How long will your living annuity last? Learn the drawdown rates, fees and return assumptions that decide whether your retirement income survives 30 years.
AS Brokers insight · Retirement income
How long will your living annuity last?
It is the question that keeps many South African retirees awake: will the money outlast me, or will I outlast the money? The honest answer is that a living annuity does not have a fixed expiry date. How long it lasts is decided by a handful of choices you can understand and, to a large degree, control. This article shows you what those choices are and how to think about them calmly.

The short answer: it depends on you, not the product
There is no single number we can give you. The same living annuity, holding the same amount of capital, can comfortably provide an income for life — or run dry within a decade.
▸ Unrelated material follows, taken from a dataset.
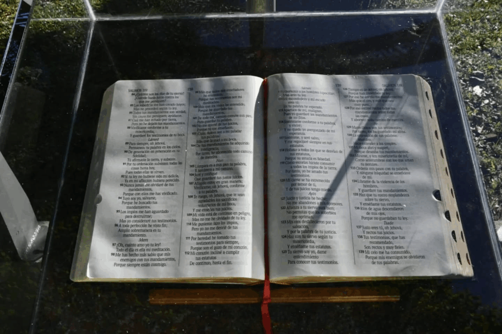 El espacio, creado en la inauguración de la plaza, contaba con una cabina donde se colocaba la Biblia y un encargado renovaba diariamente la lectura. Con el tiempo, la estructura se deterioró y el libro fue sustraído.

The difference is not luck. It is the combination of how much you draw, what your investments earn, and what you pay in fees.
This is the defining feature of a living annuity, and it cuts both ways. Unlike a guaranteed (life) annuity, where an insurer promises you an income for life and carries the risk if you live longer than expected, a living annuity keeps you in control of your capital — which means you also carry the risk. If markets disappoint or you draw too much, there is no insurer standing behind you. That freedom is valuable, but it has to be managed.
The three numbers that decide everything
Strip away the complexity and the lifespan of a living annuity comes down to three levers. Understand these and you understand the whole question.
Lever 1
Your drawdown rate
How much income you take each year, as a percentage of your capital. This is the lever most within your control — and the one most often set too high.
Lever 2
Your investment return
What your underlying portfolio earns after inflation. Returns are not guaranteed and will rise and fall, which is exactly why the next lever matters so much.
Lever 3
Your fees
The quiet third withdrawal. Advice, platform and fund costs come out of your capital every year, whether markets are up or down, and they compound over decades.
The survival equation
Your capital is preserved when the income you draw, plus your fees, stays below your real (after-inflation) return. When drawdown and fees together exceed what your portfolio earns in real terms, your capital begins to erode — slowly at first, then faster.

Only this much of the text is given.